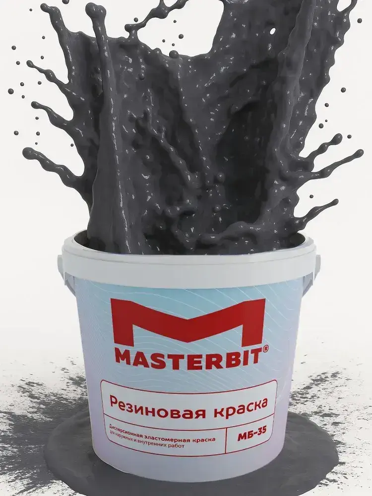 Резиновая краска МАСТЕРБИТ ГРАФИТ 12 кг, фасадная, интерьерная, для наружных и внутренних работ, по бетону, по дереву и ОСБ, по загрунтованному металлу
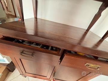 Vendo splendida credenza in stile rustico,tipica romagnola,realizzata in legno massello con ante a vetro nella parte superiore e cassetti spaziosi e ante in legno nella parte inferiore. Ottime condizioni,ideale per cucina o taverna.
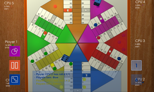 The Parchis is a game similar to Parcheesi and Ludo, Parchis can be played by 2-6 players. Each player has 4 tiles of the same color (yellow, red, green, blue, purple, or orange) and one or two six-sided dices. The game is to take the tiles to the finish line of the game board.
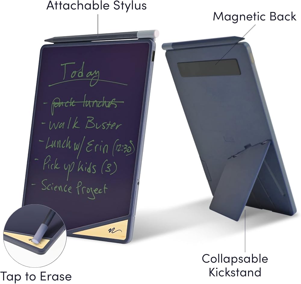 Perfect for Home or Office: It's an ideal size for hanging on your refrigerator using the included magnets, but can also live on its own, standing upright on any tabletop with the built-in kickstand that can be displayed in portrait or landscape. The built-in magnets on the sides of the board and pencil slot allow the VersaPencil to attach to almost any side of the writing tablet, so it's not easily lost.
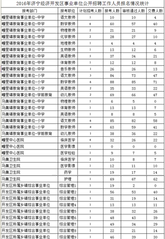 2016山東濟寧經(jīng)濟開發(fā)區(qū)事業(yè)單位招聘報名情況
--
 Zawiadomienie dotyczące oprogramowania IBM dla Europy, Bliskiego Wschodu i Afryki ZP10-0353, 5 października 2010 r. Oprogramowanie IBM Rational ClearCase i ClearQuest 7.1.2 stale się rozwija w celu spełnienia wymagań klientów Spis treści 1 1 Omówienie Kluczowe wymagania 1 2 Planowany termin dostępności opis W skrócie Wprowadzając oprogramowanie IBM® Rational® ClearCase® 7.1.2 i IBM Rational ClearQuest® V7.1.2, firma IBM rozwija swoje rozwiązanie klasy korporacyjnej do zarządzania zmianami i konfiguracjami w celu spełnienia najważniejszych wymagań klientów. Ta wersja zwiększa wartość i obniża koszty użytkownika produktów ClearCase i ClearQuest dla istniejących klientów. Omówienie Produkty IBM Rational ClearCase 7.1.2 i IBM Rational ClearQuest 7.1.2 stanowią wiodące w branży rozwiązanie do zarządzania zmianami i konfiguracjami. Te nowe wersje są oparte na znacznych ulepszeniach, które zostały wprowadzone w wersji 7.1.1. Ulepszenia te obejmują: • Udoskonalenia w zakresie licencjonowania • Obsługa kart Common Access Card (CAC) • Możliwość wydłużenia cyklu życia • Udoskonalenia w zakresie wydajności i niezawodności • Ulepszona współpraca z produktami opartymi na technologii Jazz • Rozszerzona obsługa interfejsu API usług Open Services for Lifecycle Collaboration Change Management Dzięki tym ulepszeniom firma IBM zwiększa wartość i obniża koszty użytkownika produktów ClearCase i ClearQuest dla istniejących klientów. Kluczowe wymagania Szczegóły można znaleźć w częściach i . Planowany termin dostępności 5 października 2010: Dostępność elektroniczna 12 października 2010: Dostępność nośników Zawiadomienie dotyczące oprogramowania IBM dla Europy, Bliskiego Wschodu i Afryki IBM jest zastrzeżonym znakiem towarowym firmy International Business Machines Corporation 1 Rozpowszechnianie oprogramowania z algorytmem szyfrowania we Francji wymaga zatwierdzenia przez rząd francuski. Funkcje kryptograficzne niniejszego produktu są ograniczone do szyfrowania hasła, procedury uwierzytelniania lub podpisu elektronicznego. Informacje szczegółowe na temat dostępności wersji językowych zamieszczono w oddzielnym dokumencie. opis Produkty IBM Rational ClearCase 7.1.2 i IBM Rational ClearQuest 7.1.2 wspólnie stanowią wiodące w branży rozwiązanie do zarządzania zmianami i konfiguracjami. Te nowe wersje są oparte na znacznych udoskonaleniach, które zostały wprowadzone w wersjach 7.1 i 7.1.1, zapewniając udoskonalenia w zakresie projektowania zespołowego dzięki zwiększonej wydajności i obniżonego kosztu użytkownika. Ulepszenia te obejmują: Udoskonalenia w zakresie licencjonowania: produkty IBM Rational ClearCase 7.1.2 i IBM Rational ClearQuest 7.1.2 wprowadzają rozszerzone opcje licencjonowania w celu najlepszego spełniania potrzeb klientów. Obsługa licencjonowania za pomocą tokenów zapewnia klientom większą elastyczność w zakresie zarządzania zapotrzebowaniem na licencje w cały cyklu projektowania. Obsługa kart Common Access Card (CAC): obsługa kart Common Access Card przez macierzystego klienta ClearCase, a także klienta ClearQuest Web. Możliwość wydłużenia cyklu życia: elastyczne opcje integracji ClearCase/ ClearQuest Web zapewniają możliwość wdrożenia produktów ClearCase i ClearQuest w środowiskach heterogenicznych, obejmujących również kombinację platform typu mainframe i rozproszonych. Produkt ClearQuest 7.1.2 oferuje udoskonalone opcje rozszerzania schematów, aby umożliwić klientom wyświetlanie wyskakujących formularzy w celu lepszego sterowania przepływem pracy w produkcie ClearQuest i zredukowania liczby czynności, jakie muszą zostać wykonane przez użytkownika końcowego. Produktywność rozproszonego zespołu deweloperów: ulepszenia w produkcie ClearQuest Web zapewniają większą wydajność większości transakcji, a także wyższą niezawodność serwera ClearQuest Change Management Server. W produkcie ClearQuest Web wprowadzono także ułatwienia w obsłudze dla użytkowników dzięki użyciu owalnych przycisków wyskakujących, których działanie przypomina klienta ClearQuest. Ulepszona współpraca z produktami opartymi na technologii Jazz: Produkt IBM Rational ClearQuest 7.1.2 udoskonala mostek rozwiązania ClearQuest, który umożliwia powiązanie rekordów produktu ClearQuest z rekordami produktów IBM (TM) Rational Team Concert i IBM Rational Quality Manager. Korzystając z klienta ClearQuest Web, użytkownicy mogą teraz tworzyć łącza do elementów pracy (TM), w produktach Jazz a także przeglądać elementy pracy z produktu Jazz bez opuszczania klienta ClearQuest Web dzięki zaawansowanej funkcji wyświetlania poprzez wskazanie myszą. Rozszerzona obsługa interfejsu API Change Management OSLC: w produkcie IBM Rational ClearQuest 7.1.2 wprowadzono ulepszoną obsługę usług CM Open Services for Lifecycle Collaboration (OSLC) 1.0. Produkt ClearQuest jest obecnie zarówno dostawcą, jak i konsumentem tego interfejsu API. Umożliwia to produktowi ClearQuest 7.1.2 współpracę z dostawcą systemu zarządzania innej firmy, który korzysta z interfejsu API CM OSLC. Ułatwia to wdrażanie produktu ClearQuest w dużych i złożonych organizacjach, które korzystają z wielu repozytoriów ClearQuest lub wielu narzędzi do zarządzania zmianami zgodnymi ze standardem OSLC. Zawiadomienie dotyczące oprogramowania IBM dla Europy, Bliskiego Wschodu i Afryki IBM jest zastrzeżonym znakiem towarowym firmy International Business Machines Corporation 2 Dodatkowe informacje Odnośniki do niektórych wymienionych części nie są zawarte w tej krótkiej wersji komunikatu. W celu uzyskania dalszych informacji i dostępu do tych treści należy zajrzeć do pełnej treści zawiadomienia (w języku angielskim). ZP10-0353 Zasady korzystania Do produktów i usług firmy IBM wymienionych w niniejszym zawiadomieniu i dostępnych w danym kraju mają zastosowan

**Exercise description:** Copy the lines above exactly, starting with the line that contains "Perfect for Home" and ending with the line that contains "2016山東濟寧經(jīng", and leave out any pictures.

**Written answer:**
 Perfect for Home or Office: It's an ideal size for hanging on your refrigerator using the included magnets, but can also live on its own, standing upright on any tabletop with the built-in kickstand that can be displayed in portrait or landscape. The built-in magnets on the sides of the board and pencil slot allow the VersaPencil to attach to almost any side of the writing tablet, so it's not easily lost.
 2016山東濟寧經(jīng)濟開發(fā)區(qū)事業(yè)單位招聘報名情況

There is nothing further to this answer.